Here, we empirically assess the effects of species persistence on driving SARs. We specifically ask three questions: (1) How important are increases in environmental heterogeneity versus increases in spatial extent for determining species persistence? (2) What is the relative contribution of direct and indirect interactions to species persistence across spatial scales? and finally, (3) How do SARs emerge from the balance between persisting and transient species? To address these questions, we performed detailed field observations of fecundity and neighborhood composition of 9130 individuals from 19 annual plant species during 5 years (2015–2019) and across different spatial scales (9 plots of 72 m², giving a total sampling area of 650 m²) in a grassland community in which we know that the performance and spatial location of these annual plant species is affected by a marked gradient in soil salinity17. With this empirical information, we estimated the strength of species interactions (both competition and facilitation) and their intrinsic ability to grow following mathematical models that describe reasonably well the population dynamics of interacting species. Finally, we assessed which species are predicted to persist, that is, which species or combinations of species (if any) possess a configuration of interactions that accommodate differences in their intrinsic growth rates. To answer the first question, model parameterization and predictions of species persistence were done for two contrasted environmental scenarios, namely homogeneous or heterogeneous environments, by allowing models to account for spatial variability at the plot scale. To answer the second question, we computed the simplest community (defined by the number of species) allowing the persistence of each individual species. To answer the third question, SARs were built by accounting for the number of species predicted to persist across spatial scales (see Fig. 1 for a schematic diagram).

Results

In line with theoretical expectations, the relationship between the predicted number of coexisting species with area, the coexistence–area relationship (CAR)11, matches the shape of classic SARs (Fig. 2), with power-law relationships whose exponents (z = 0.21 to 0.45, Supplementary Table 2) are well within the range of slopes observed for standard SARs18. But contrary to these expectations, we find that despite the marked soil salinity gradient present in the study area, increases in spatial extent without accounting for environmental heterogeneity explain most of the coexistence predicted in our system (Fig. 2). In particular, the contribution of spatial heterogeneity to species coexistence is ~12% when averaged across all years and spatial scales. The relationships obtained in Fig. 2 are robust to variations in model coefficients and vital rates (Supplementary Notes 1 and 2).

Fig. 2: Species– and coexistence–area relationships in a Mediterranean grassland community across 5 years.
figure 2

Points represent average values, and error bars represent the standard error of these averages. Note that curves describing the contribution of homogeneous and heterogeneous environments to the number of coexisting species (blue and yellow lines, respectively), and the curve describing the overall increase of species richness with area (green lines) remain similar across years, except for 2018. That particular year a series of strong rainfall events flooded our system during 2 months at the peak of the growing season (March–May). This extreme event represents a unique opportunity to document how coexistence– and species–area relationships are perturbed and how they can recover afterwards. Points represent average values over all combinations of plots resulting in a given area, as in Fig. 1. N = 9, 36, 84, 126, 126, 84, 36, 9, 1 combinations of plots, from the smallest to the biggest area, respectively.

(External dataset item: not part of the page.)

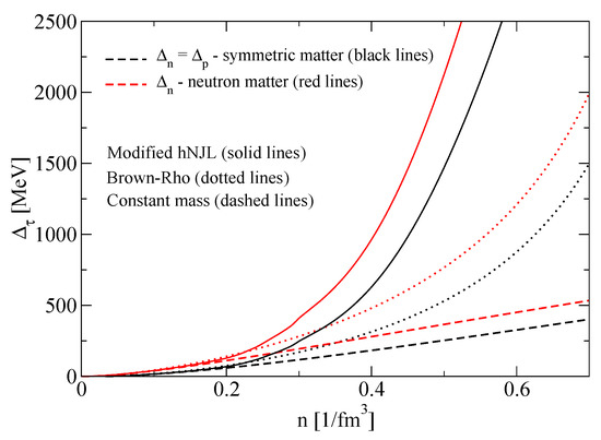 Effective chiral quark models for the low-energy sector of QCD are capable of addressing the aspect of dynamical chiral symmetry breaking and its restoration in a hot and dense medium, but have a problem with modeling confinement of quarks in hadrons. Here we suggest a compromise. We adopt a density dependence for the dynamically generated quark mass and thus achieve a chiral improvement of the quark Pauli blocking shift. We discuss in the following three schemes for this density-dependent quark mass: (i) a constant quark mass, (ii) a linear density dependence (called Brown–Rho scaling [21]) and (iii) a density dependence according to the calculation within a higher order Nambu–Jona-Lasinio model [22]. These density dependences of the quark mass are illustrated in Figure 2. In Figure 3 we show the energy shifts resulting from the insertion of the density dependencies for the Fermi momenta and the quark mass as shown in Figure 2 into Equations (4) and (7) for SNM and PNM, respectively.

On average, between 70% and 100% of the species predicted to persist in our system reach coexistence via direct pairwise interactions, whereas coexistence by indirect interactions in multispecies combinations and by switches in local dominance was much less prevalent (Fig. 3). Moreover, the relative importance of coexistence mediated by pairwise direct interactions increased with area and was relatively robust across years, with the exception of 2018, when an extreme flooding event from March–May effectively knocked out almost all plant individuals in the study area. Despite most of the species being predicted to persist in the system, we still identified across spatial scales a small set of transient species that represents on average 13.5% of the plant community (Fig. 3). Although the identity of transient species is variable across years, they all share characteristics commonly attributed to transient species in the literature19. In particular, species systematically classified as transient (e.g., Suaeda splendens and Lythrum tribracteatum, which show strong preferences for very high soil salinity conditions) were more likely to be comparatively rare (Supplementary Table 3), reinforcing the evidence from our classification based on the ability of species to persist by its local interactions.

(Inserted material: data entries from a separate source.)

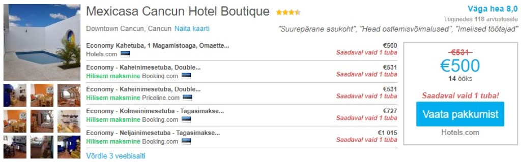 Meie soovitus Cancunis:Mexicasa Cancun Hotel Boutique - Tuba kahele Cancuni kesklinnas maksab kaheks nädalaks 500€. Broneeri tuba siit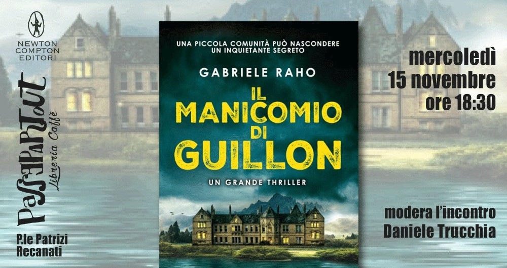 Mercoledì 15 novembre alle ore 18:30 presso la libreria Passepartout sarà ospite lo scrittore Gabriele Raho per la presentazione del suo libro “Il Manicomio di Guillon” (Newton Compton ed. 2023), vincitore del Premio letterario Città di Salsomaggiore. Dialogherà con l’autore Daniele Trucchia.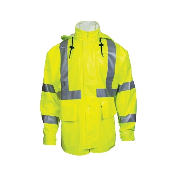 30"LONG 10OZ FR CLS3 JACKET-MD, FLUOR YELLOW PU COATED COTTON (Discontinued)

Fig. 3: Coexistence relationships and their variability with spatial extent.
figure 3

Relative bar height for each color represents the average number of species in each category when pooled across combinations of plots. These categories detail which specific configuration of species interactions predict their persistence. Configurations of direct interactions that promote persistence of species pairs (category coexistence of species pairs, dark yellow bars) show across years an overwhelming importance for shaping species–area relationships. Note also that species predicted to be transient (i.e., species not predicted to persist, dark blue bars) are a general feature of the system, and their relative proportion increased during the year of the extreme flooding event (2018). A fully detailed explanation for each category describing how species persist under different configuration of species interactions is given in “Methods”, under section “Analyzing species persistence”.

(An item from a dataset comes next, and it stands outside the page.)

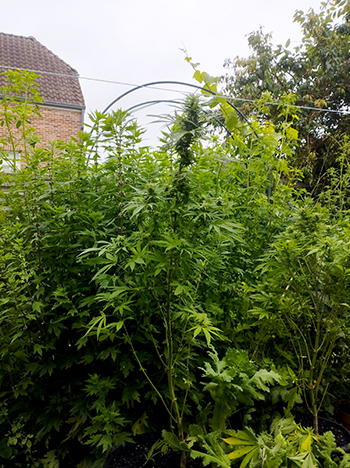 De kas heb ik door het slechte weer nog niet volledig afgemaakt. De bodem is er nog deels gras en dat ademt ook en zorgt voor de nodige vochtigheid die we niet echt willen. Dus is de Supafreak buiten beter af dan binnen maar ze groeit mooi verder. Ik denk dat ze al een metertje hoog is nu.

Despite the predominant role of direct interactions among species for predicting species coexistence, we interestingly found no significant differences between the CARs derived from two complementary null models and the empirical parameterizations (Fig. 4), In these null models, we reshuffle either the complete set of interaction coefficients in our communities or only the interspecific coefficients, keeping intraspecific ones fixed (see “Methods” for more details). In 2016, 2017, and 2019, the observed coexistence is only marginally higher than that expected from both null models, whereas in 2015 and 2018 the observed coexistence is similar or marginally lower than in the null models. Both null models displayed almost identical average coexistence–area curves in most years, not being able to differentiate between rearranging all coefficients and only the interspecific ones. Overall, these null model analyses suggest that CARs in our system arise independently from species identity.

Fig. 4: Null expectations for coexistence–area curves.
figure 4

For reference, species–area curves (green lines and associated dots) and coexistence–area curves with homogeneous parameterization (blue lines and dots) are also depicted. Points represent average values, and error bars represent the standard error of these averages. Null replicates are shown in light gray, and averages of these replicates are shown as dotted lines (null model reshuffling all interaction coefficients) and dashed lines (null model keeping intraspecific terms fixed, and reshuffling interspecific terms). N = 9, 36, 84, 126, 126, 84, 36, 9, 1 combinations of plots, from the smallest to the biggest area, respectively.

Discussion

Our findings provide empirical evidence that SARs emerge from how local species interactions scale-up to generate coexistence patterns across spatial scales. In particular, we have shown that CARs in a highly diverse Mediterranean grassland entirely composed of annual plant species are consistently similar in shape to classic SARs. But contrary to expectations, we also show that the contribution of spatial heterogeneity to species coexistence is remarkably lower than the contribution from purely spatial processes. Although these results are sensitive to the study system here considered, they provide an empirical evaluation supporting recent hypothesis that there is a scale dependence of diversity maintenance11.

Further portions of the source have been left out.